When I started to develop ntop in 1998, it was clear to me that the network was a huge, volatile (or semi-persistent if you wish), constantly changing database. In ntop this database is implemented in memory, where for each received packet, ntop updates the hosts, protocols, sessions, packet size….. tables. The web interface is yet another way to view the database contents using a web interface. In order not to exhaust all the available resources (memory in primis), the ntop memory database periodically purges data that is no longer accessed or that aged (e.g. a host that has not made any communication for a while). This original design is still present into the current ntop, and I still believe it’s a good idea to have it like that. What I did wrong (in 1998 I didn’t have too many options, but today the situation is different) was the mix of network knowledge with the database. Namely monitoring applications are just a feed for this network knowledge database, but they should not be a single entity, as this has a few drawbacks: 1) external applications cannot easily access data stored in this memory database 2) the design is not clean as everything is merged instead of splitting the network from the database part.
This summer I had a small accident, and instead of enjoying the summer, I had to stay home to recover. This has been a very creative time, as many people were in vacation (i.e. fewer email to handle) so I had time to code without paying too much attention to other activities. As I was experimenting with the redis database for a while and I liked its clean yet powerful design and mostly because it has the concept of time (or TTL in redis parlance). Namely in redis data can be persistent (i.e. stay on the DB forever) or last for a while that is perfect as network data is volatile. In fact think about ARP caches, DNS caches, NAT entries etc. they all have a lifetime. SQL databases instead do not have the concept of time, and thus you can still purge aged data, but it’s not part of its nature, and it requires some housekeeping activities that complicate the design.
All these facts convinced me to jump on redis, and adopt it into ntop an nProbe. As ntop already had its own in-memory database, I focused on nProbe first. There are many things I like about flow-based probes, but there are also other I dislike, such as the probe-collector model, where most collectors are apps that receive flows, dump them on a SQL database, and run a few queries to render data on a web page. This model make sense as long as there is not a need to correlate flows together (e.g. a SIP flow with its corresponding RTP call) or users to flows (e.g. a radius or GTP user with its traffic) as doing this on a database is slow and a bit complicated to achieve. For this reason I have decided to do two things at once. Namely 1) store the network knowledge on the redis database, and 2) use this network knowledge to perform on-the-probe flow aggregation so that collectors can receive pre-aggregated data and thus has an easy life. This is what I called microcloud.
In the microcloud several database nodes are federated together, you can replicate data, monitor what is stored/deleted from the cache, dump a snapshot of your data. The latest nprobe version speaks with redis my means of the “–redis <host>” parameter so that nprobe stored into redis the temporary mappings (e.g. radius mapping). Of course external applications can access the redis DB and have an aggregated view of the network.

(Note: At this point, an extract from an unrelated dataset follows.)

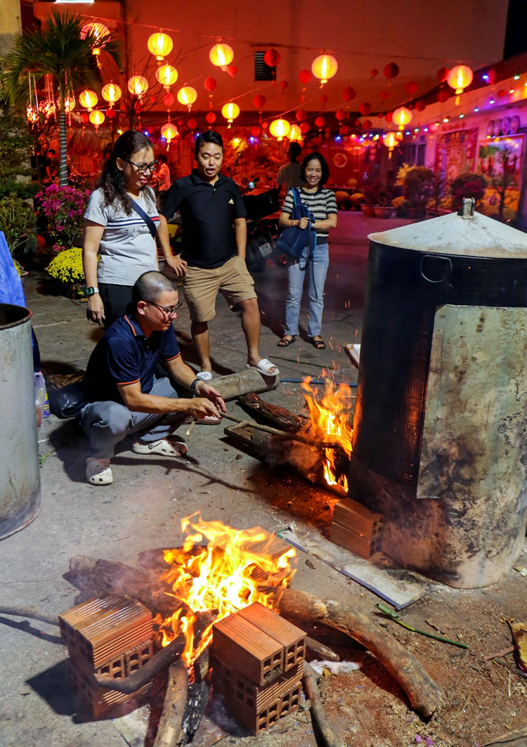 Khi đêm xuống, những câu chuyện bên nồi bánh chưng đang sôi lửa hồng trở thành những khoảnh khắc thân tình nhất. Đó là lúc nghĩa huynh đệ được thắt chặt giữa những người đang chung chia sứ mạng giáo dục đức tin cho các em thiếu nhi. Dẫu ai cũng thấm mệt, có người lim dim vì thiếu ngủ, nhưng bầu khí nơi sân nhà thờ vẫn ấm lên bởi ánh lửa bập bùng và bởi niềm vui được phục vụ. Nhìn nồi bánh chưng nghi ngút khói giữa không gian giáo xứ, lòng người bỗng thấy ấm áp hơn, cảm nhận rõ Tết Việt đang rất gần và nhận ra sự quan phòng, chở che đầy yêu thương của Thiên Chúa.

Thanks to redis you can correlate traffic flows coming from various network trunks that are monitored by various probes, or from various probes monitoring traffic on the same host. However them microcloud is more than just flow correlation. If you add to nProbe “–ucloud” nprobe stores into the microcloud information about traffic. Namely you can have the same view you have on ntop (hosts, application protocols etc) with nProbe, at a greater speed, available to all apps and not just nprobe. You can see in realtime without going through flow collection, what is happening on your network. Easily. When hosts or the info is no longer fresh (e.g. a host has stopped sending data), the microcloud, leveraging on redis TTL mechanism, automatically discards this data preserving your resources. Note that on the microcloud you can find much more than IP, bytes, and packets. Thanks to it, nProbe can for instance tell you, flow-by-flow, who is the user sending such flow (if radius or GTP information is available), what is the real host accessed (i.e. nProbe like ntop, via the DNS plugin, creates a per-host DNS cache on the microcloud), and anything else you can hardly do on collectors.
The microcloud concept however is much more than that. Imagine to store, or to make it available via the microcloud paradigm, data about your component configuration , network equipment, devices etc. This would enable users to correlate multiple data together, so that you can produce records like “Luca using his iPhone has accessed the ntop blog”, instead of dealing with IP addresses and ports. Namely the comprehensive integration of all this data make the microcloud a powerful concept. This would push monitoring beyond “curiosity of what is happening on the network”. Imagine if a firewall could exploit this info to update its security policy, or is snort could populate the microcloud with reports about blocked sessions (BTW we’ll be soon integrate this into the upcoming PF_RING DAQ adapter), so that you can also create a security score for all your network devices. For the time being, you can enjoy the microcloud on nProbe. We await your feedback to improve this novel concept we’ve just introduced.